I am ready for a nuclear war, Vladimir Putin warns West
President said he would retaliate if there was any attempt to encroach on Russia’s territory.
President Vladimir Putin has accused the West of seeking Russia’s destruction and promised retaliation with weapons of mass destruction if there was any attempt to encroach on Russian territory.
Speaking to MPs and dignitaries in his annual televised address, Putin said the Western powers desired Russia’s “strategic defeat” and the country had to be ready to protect itself, including with nuclear weapons.
He said the West was “choosing targets to strike on our territory” and pulling Ukraine into NATO, requiring a response from Moscow.
Anyone considering an incursion into Russia should consider the failed attempts of past “interventionists”, he said – an apparent reference to the Nazis and the French under Napoleon.
The consequences would now be more “far more tragic” because of Moscow’s modern weapons, he added.
“Everything that the West comes up with creates the real threat of a conflict with the use of nuclear weapons, and thus the destruction of civilisation,” he said.
Putin vowed to resist any foreign “interference” in Russian affairs and said he would act with resolve to defeat the West in Ukraine.
“Instead of Russia they need a dependent, moribund, dying space, where they can do what they want,” he said.
“In essence, they would like to do with Russia what they have done in many regions of the world, including in Ukraine – to bring division to our home and weaken us from inside.”
Putin also spoke of a series of new weapons that would soon be on combat duty, including the Burevestnik nuclear-armed cruise missile, the Poseidon underwater drone and the Sarmat intercontinental ballistic missile.
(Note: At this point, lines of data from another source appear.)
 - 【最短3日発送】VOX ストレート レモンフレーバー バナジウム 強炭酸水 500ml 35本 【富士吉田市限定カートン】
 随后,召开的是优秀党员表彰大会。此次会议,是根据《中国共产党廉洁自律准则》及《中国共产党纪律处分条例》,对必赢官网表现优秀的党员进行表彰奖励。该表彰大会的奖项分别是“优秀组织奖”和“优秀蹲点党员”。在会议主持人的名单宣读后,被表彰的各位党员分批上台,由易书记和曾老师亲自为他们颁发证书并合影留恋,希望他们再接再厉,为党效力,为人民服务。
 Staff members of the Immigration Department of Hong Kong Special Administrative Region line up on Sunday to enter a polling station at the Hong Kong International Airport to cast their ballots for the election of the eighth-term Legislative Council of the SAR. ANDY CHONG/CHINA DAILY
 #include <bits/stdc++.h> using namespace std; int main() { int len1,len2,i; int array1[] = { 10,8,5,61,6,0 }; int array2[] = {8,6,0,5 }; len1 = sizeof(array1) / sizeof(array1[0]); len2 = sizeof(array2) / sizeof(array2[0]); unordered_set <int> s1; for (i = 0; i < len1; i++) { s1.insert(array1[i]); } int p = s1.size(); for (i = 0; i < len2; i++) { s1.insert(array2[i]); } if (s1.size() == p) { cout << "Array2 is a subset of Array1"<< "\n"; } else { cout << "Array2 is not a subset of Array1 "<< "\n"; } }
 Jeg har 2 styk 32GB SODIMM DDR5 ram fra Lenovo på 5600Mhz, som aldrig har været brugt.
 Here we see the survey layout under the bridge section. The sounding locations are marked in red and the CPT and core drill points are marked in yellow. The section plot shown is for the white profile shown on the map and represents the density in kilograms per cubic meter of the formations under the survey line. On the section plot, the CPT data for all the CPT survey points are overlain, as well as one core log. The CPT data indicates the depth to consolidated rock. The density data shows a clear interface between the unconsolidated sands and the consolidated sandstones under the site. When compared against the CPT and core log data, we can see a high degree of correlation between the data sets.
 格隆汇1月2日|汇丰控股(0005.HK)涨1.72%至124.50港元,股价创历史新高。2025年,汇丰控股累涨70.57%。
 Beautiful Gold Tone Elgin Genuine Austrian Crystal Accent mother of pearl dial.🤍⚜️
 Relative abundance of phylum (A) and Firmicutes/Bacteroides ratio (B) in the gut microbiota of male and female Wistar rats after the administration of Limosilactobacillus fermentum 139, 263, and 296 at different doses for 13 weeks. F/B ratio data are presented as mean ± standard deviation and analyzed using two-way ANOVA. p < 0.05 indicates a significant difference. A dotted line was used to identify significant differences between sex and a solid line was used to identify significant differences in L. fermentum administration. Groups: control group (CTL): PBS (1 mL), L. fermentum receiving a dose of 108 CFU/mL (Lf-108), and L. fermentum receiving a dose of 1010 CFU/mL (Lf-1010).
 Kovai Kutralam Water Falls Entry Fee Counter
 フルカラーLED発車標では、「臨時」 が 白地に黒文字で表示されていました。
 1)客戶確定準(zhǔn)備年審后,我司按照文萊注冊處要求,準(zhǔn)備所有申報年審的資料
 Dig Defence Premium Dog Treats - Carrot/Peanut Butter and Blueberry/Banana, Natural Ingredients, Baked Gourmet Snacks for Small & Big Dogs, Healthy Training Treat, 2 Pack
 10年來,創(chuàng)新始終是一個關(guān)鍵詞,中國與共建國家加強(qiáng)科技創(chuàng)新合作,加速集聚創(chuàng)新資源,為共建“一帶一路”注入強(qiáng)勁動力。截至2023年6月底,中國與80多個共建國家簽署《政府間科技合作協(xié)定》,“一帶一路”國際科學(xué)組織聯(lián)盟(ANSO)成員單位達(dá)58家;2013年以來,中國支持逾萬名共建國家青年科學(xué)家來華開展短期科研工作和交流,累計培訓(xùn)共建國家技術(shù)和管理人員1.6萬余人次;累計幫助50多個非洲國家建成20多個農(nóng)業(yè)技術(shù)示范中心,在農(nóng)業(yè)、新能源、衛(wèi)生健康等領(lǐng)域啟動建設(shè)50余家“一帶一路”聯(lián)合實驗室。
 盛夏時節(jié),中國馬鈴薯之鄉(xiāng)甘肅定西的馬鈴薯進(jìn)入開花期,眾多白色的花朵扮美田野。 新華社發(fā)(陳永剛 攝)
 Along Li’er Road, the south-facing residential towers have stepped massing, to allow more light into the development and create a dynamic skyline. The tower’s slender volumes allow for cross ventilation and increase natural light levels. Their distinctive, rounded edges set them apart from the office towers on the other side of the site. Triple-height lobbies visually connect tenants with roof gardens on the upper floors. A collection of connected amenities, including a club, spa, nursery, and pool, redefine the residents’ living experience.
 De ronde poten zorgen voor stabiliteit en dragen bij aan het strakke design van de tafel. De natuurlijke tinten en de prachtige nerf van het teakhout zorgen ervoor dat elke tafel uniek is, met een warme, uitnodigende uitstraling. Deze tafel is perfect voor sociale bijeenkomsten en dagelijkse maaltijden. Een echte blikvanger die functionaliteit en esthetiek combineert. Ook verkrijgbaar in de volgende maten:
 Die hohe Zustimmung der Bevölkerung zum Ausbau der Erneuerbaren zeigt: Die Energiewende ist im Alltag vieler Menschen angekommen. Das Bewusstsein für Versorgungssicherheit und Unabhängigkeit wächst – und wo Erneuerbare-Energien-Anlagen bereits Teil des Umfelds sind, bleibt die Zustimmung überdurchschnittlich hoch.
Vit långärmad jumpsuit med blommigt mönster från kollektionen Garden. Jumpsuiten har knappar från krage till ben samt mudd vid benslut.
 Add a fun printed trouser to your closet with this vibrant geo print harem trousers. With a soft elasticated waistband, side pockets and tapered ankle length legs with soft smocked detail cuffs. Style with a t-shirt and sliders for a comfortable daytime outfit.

During the first part of his speech Putin asked for a minute’s silence in memory of Russian soldiers who had died fighting in Ukraine, invaded on his orders in February 2022. He said Russian forces were “advancing surely” in Ukraine and “liberating more and more territories” in the east of the country.
Putin also returned to favourite domestic themes, such as increasing the birth-rate to boost Russia’s population. One measure would be an increased cash payment to parents upon the birth of a child, he said.
Before Putin’s address analysts had predicted he would repeat a familiar diet of themes, from Russia’s “heroic” struggle in Ukraine to the perfidy of the West and the rapid development of Russian weapons. The first hour confirmed these suspicions.
Putin delivered the address amid Russian successes at the front in Ukraine, where Ukrainian government forces are running out of munitions as Republicans in Washington hold up US military aid to Kyiv.
It also comes two weeks before a presidential election that Putin is practically guaranteed to win.
Boris Nadezhdin, a would-be candidate who built a following after opposing the war against Ukraine, was refused permission to run in the March 15-17 election on a technicality.
The success of Nadezhdin, a virtual unknown, surprised officials who usually stage-manage a liberal “opponent” to run against Putin, 71.
Political insiders had told independent Russian media that Putin’s administration initially acquiesced to Nadezhdin, 60, but took fright when he subsequently proved so popular.
According to analysts, the function of the puppet opponent to Putin is to offer an illusion of choice, while in reality being doomed to lose by a large margin.